'''

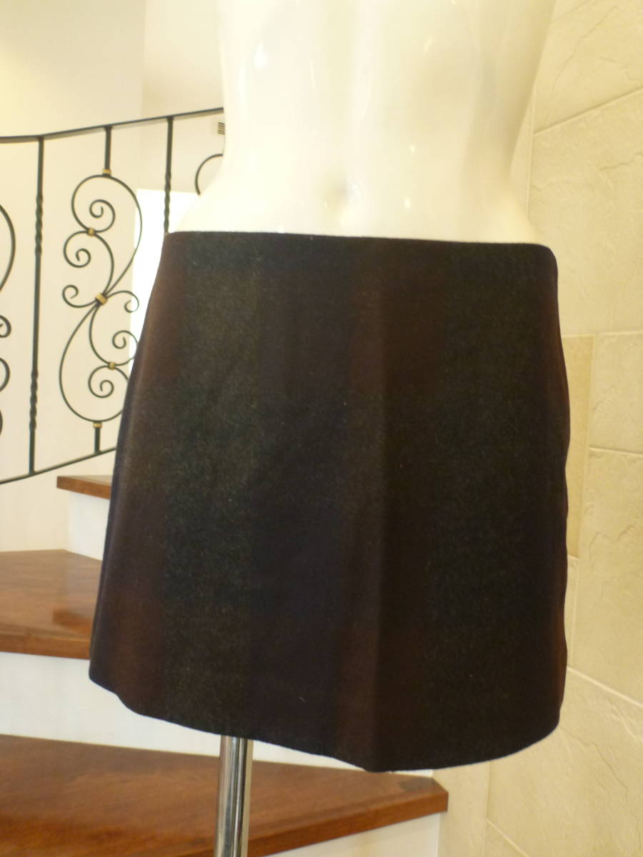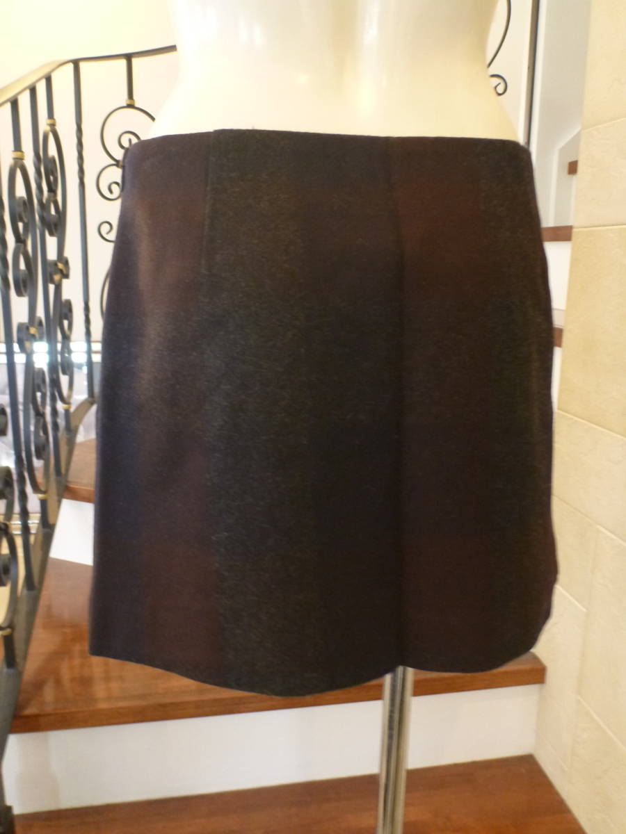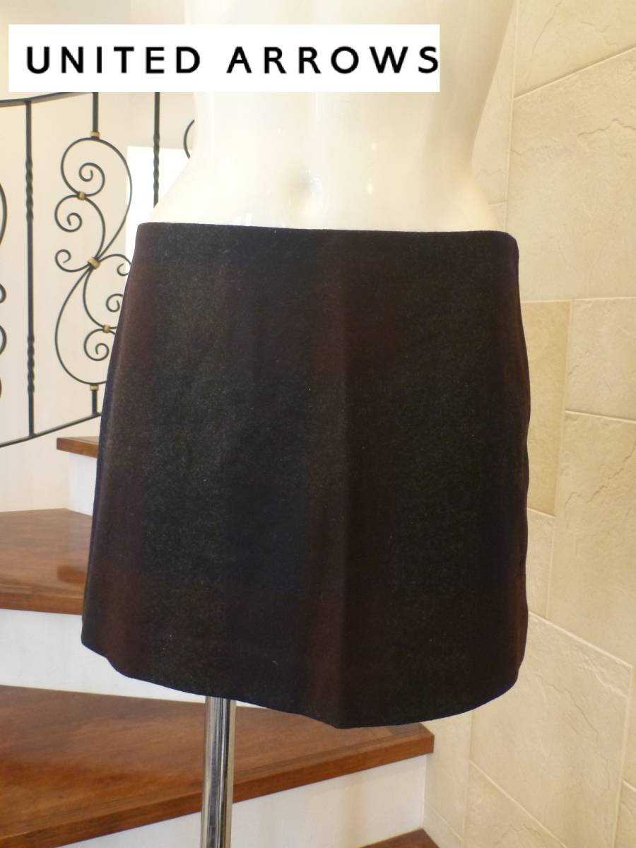 1.5万 超美品 UNITED ARROWS ユナイテッドアローズ★グレー×紺×茶 ウール 冬生地 ミニスカート 36 S相当
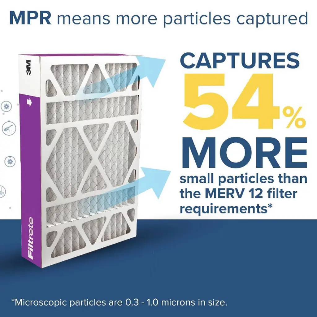 Filtrete™ 20x25x4 MPR 1550 Air Filter, made by 3M, helps capture unwanted particles from your household air to contribute to a cleaner, fresher home environment. Designed with exclusive Filtrete™ 3-in-1 technology, including a high MPR 1550 and MERV 12 rating, your AC filter will help pull and capture countless microparticles – such as pet dander, smoke, bacteria and up to 55% of virus airborne particles (1) – while letting cleaner air flow through. Your Filtrete™ Filter will also capture large particles, including lint, pollen and household dust. Use a 12-month pleated 4-inch home HVAC filter in your furnace, air conditioner or HVAC system. For optimal performance of your heating and cooling system or HVAC system, change your furnace filter at least every 365 days. Note: For easy replacement reminders, create a change countdown in the Filtrete™ Smart App. Simply use the app to scan the barcode on your filter’s packaging, then choose 90, 180 or 365 days for your replacement countdown. When the filter’s life is up, you’ll get a notification to change your filter. The No. 1 Recommended HVAC Air Filter Brand (2), Filtrete’s™ Home Air Filters provide the breakthrough technology needed to change how we clean our air, by filtering out particles both large and invisible, to create a cleaner, healthier home for ourselves and our families.(1) Based on airborne MS2 virus testing. Initial efficiency.(2) Based on the 2022 Ipsos US Brand Health Study of Residential HVAC Air Filters.
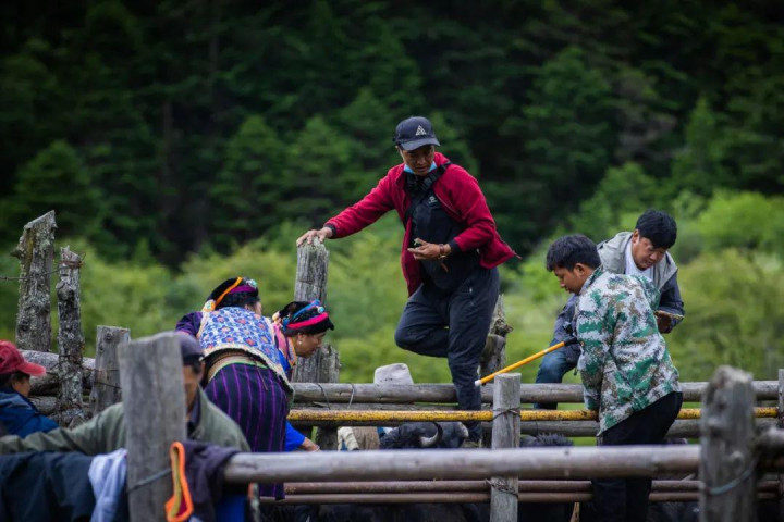 过程数小时的寻找、驱赶,山巅之上几百头牦牛啃食草皮、昂首发愣、彼此嬉戏……在牧民吆喝声中,牛群穿过树林,踏过草地,沿着展望阶梯一齐下山,井然有条牛栏,安稳的牧场眨眼间就侵扰起来。
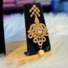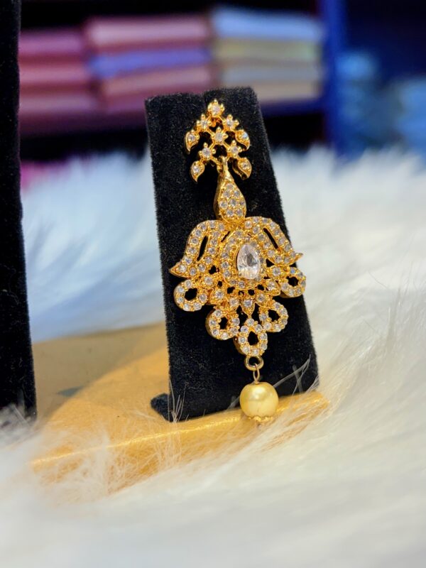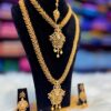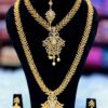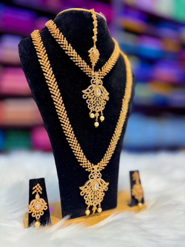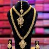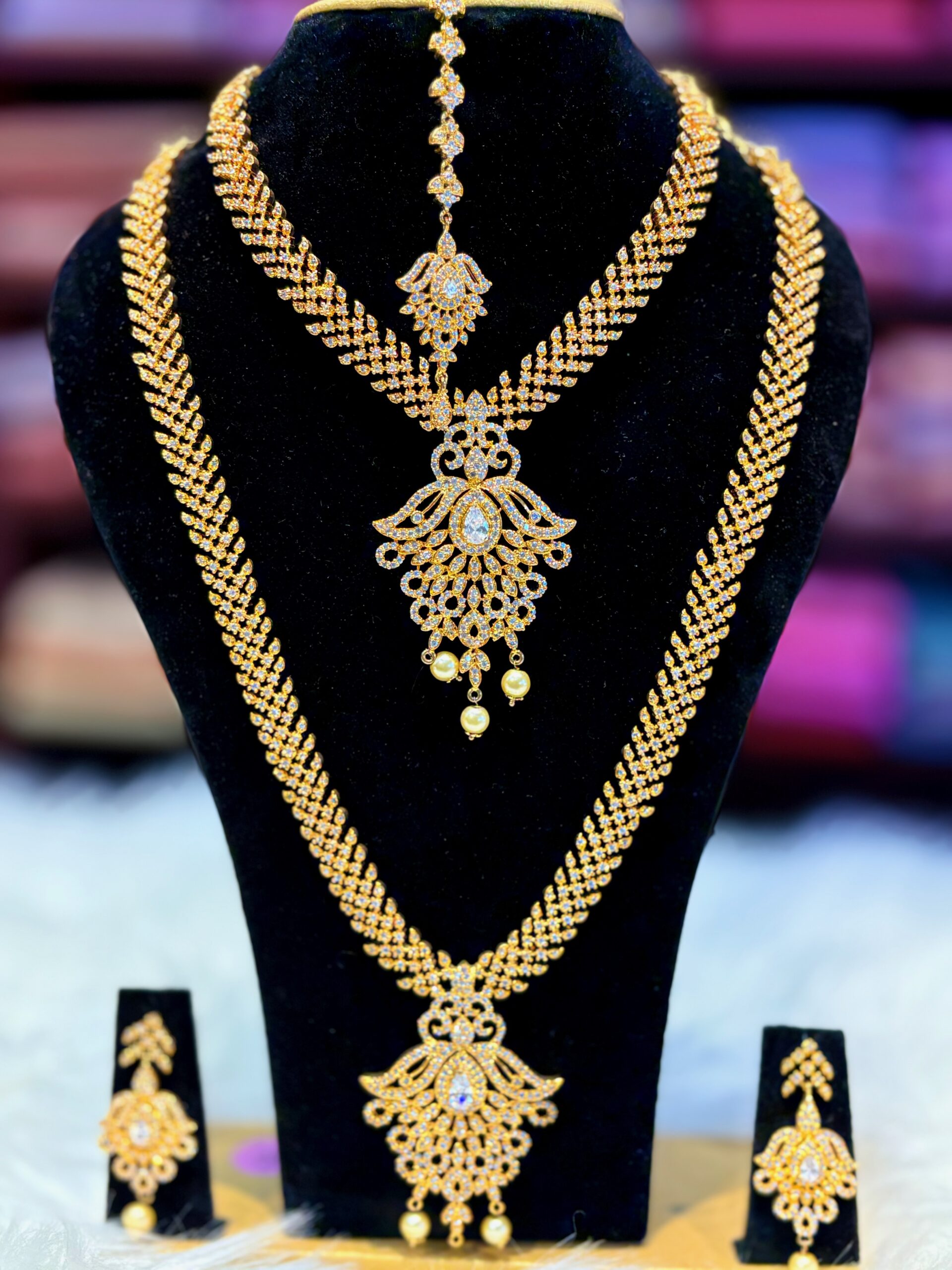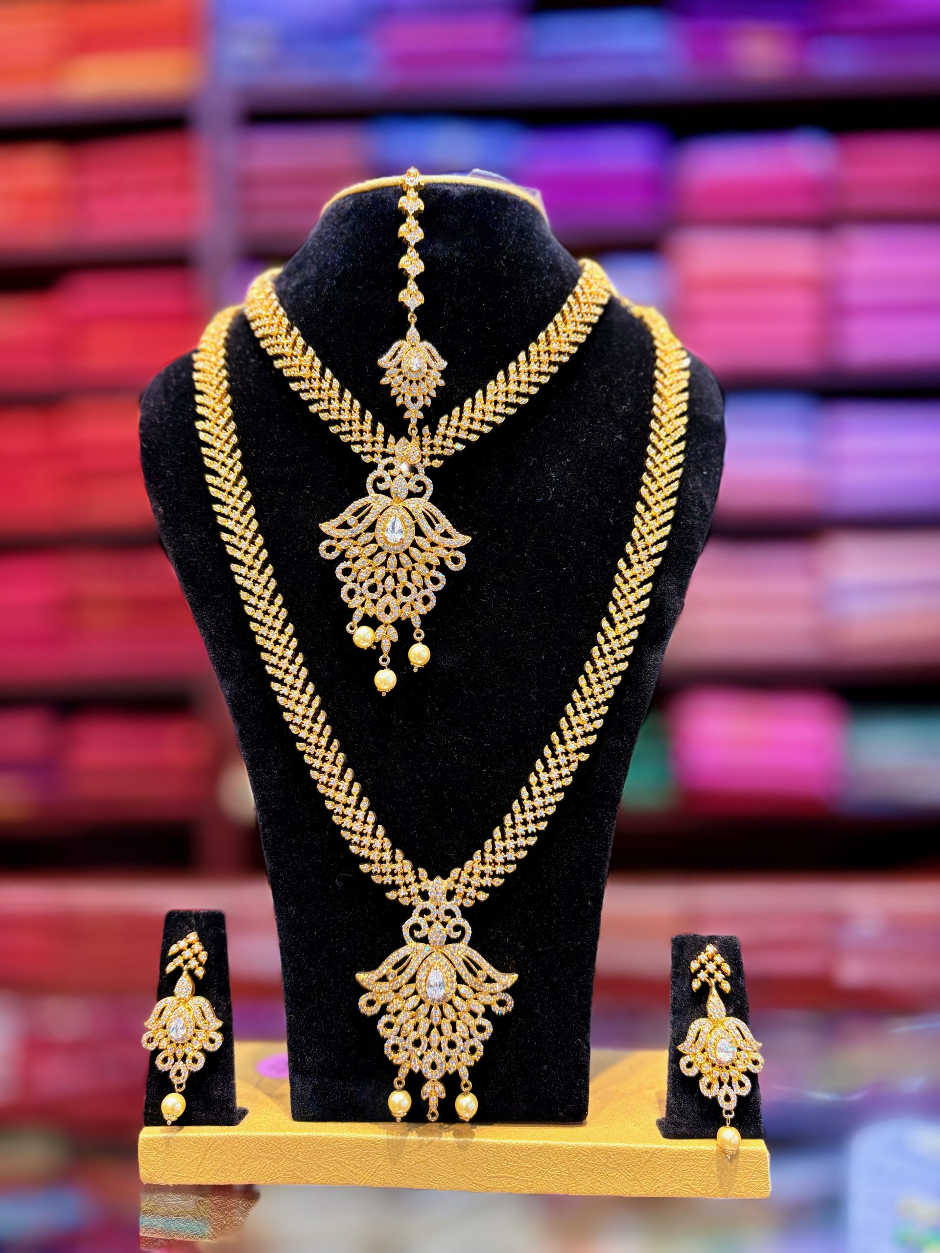 This beautiful gold plated jewelry set decorated with American Diamond AD stones consists of two necklaces – Long Aaram Necklace & Short Necklace , Earrings and Maang Tikka/ Uchchi pattam ideal for bridal, wedding or wedding anniversary.
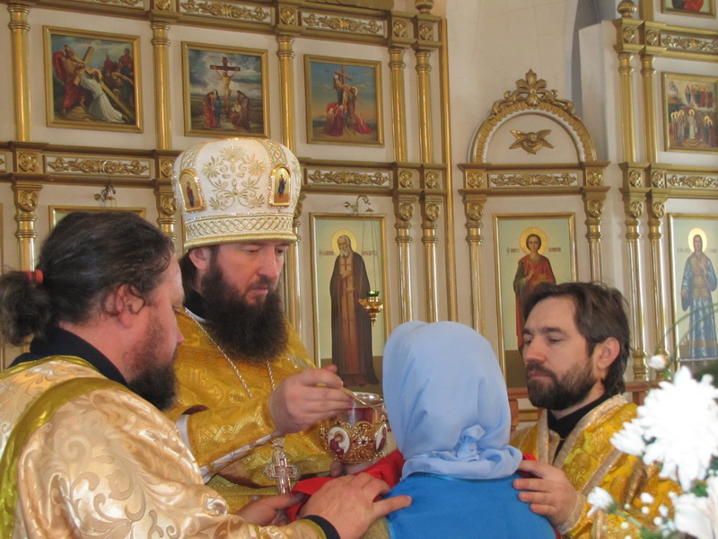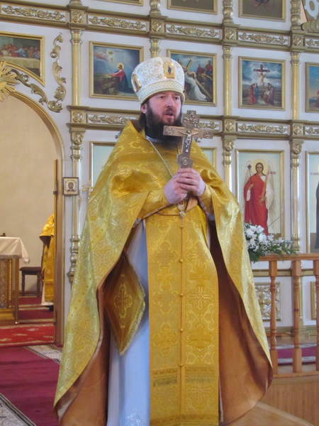 На запричастном стихе иерей Алексий Клепиков зачитал слово на Евангельскую тему, посвященное попразднству Святого Богоявления, Крещения Господня.
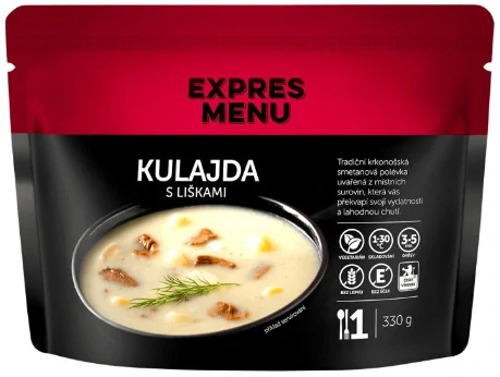 voda, brambory, smetana, vejce, houby lišky obecné (3 %), cukr, ocet, rýžová mouka, kukuřičná mouka, kopr sterilovaný (voda, kopr, ocet kvasný, cukr, sůl), sůl kamenná, pepř.
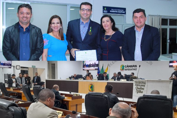 Após a entrega da honraria, o presidente-vereador Alberto Sousa (PDT) abre a sessão ordinária deliberativa, junto com a mesa diretora e aprovando com os colegas vereadores presentes a ‘Moção de Aplauso’ ao Sr. João Borges Lira - Presidente da Associação Comercial e Industrial de Imperatriz - ACII, pelo excelente trabalho desenvolvido durante a 20º FECOIMP. A maior feira multissetorial de negócios do Maranhão, que aconteceu nos dias 21 a 24 de setembro de 2022, com o tema: Histórias que Inspiram o Futuro. Essa edição bateu todos os recordes: maior quantidade de expositores, números mais elevados de visitantes e volume de negócios extraordinário. Evento valioso e grandioso para o desenvolvimento da nossa cidade, de autoria do vereador Berson do Posto Buriti (SDD).
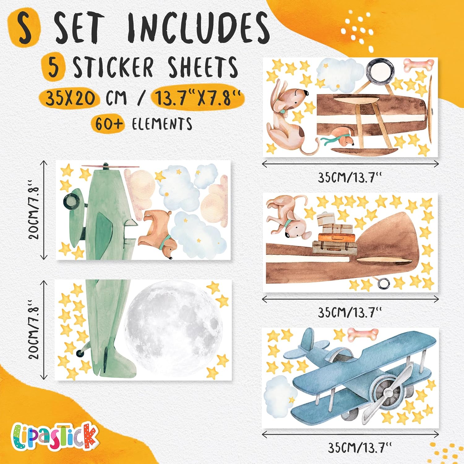 - โ๏ธ Package Content: Airplane classroom decor comes in a pack of 5 sheets. Includes: airplane, stars, dogs and clouds. The sheet size is 13.8" x 7.8". This set of airplane decals for boys room is size S.
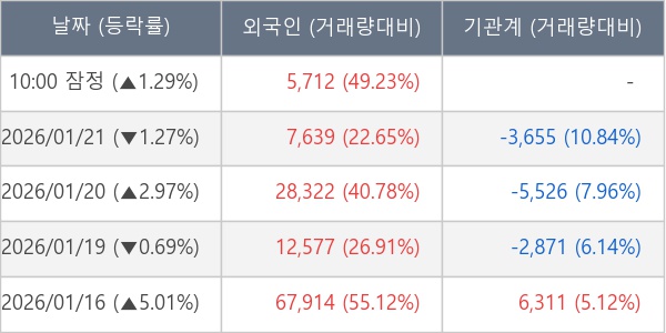 [표] 외국인ㆍ기관 순매매량 (단위 주)
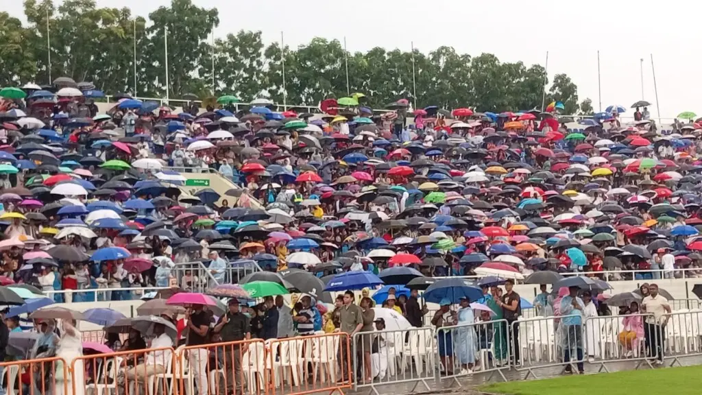 En medio de un clima lluvioso, el religioso hizo alusión al fraude contra el Servicio Nacional de Salud (SENASA), por más de 15 mil millones de pesos, según consta en la acusación del Ministerio Público.
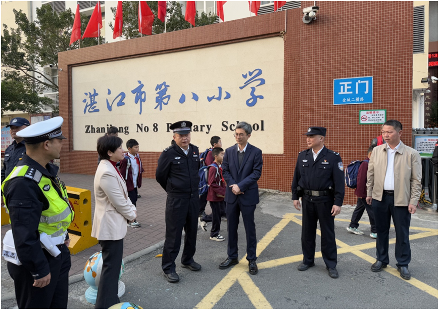 当天,作为湛江市第八小学的法治副校长,副市长、市公安局局长国涛到湛江市第八小学金城校区执行高峰勤务,与公安民警交警、学校值班人员、保安员、家长志愿者共同参与护学,有序疏导返校车流人流,倡导家长遵守交通法规,确保学生返校安全。国涛副市长与市教育局陈升局长现场检查督导“护校安园”和“三见警”工作,就校园安全工作进行深入交流。接下来,公安部门与教育部门将进一步深化合作,把交通安全教育有机融入“三个习惯”培育养成中,提升学生的安全意识。
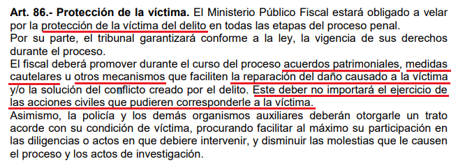 ¿Qué dice la norma invocada por la fiscalía? Que debe proteger a la víctima, que debe promover acuerdos patrimoniales, cautelares o demás alternativas para facilitar la reparación del daño que sufrió. Eso sí, no puede ejercer las acciones civiles, obvio.
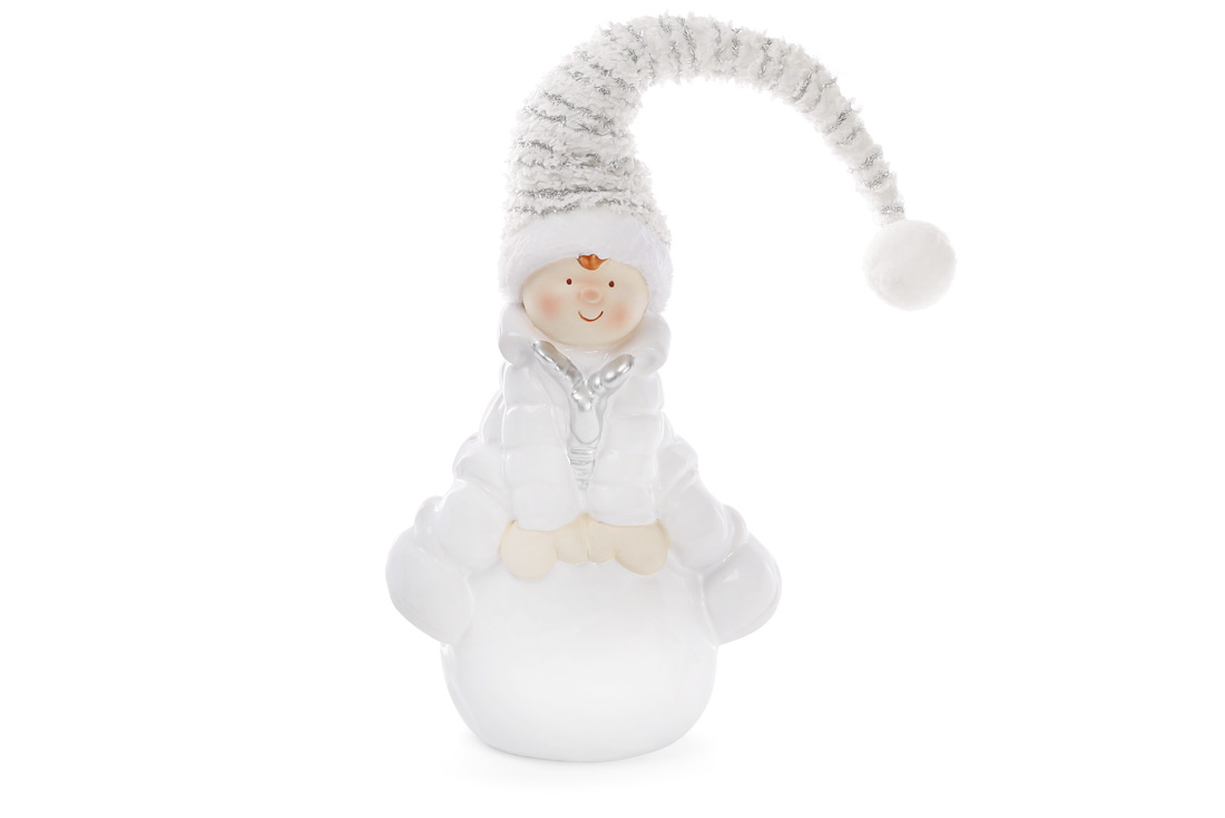 Новорічна фігура Хлопчик на сніжці у в'язаному ковпаку 27см

'''

● THE PROBLEM
Above are the records. Copy only the lines from the one with "This beautiful gold" through the one with "voda, brambory, smetana, vejce, houby", exactly, with no pictures.

● ANSWER SECTION
 This beautiful gold plated jewelry set decorated with American Diamond AD stones consists of two necklaces – Long Aaram Necklace & Short Necklace , Earrings and Maang Tikka/ Uchchi pattam ideal for bridal, wedding or wedding anniversary.
 На запричастном стихе иерей Алексий Клепиков зачитал слово на Евангельскую тему, посвященное попразднству Святого Богоявления, Крещения Господня.
 voda, brambory, smetana, vejce, houby lišky obecné (3 %), cukr, ocet, rýžová mouka, kukuřičná mouka, kopr sterilovaný (voda, kopr, ocet kvasný, cukr, sůl), sůl kamenná, pepř.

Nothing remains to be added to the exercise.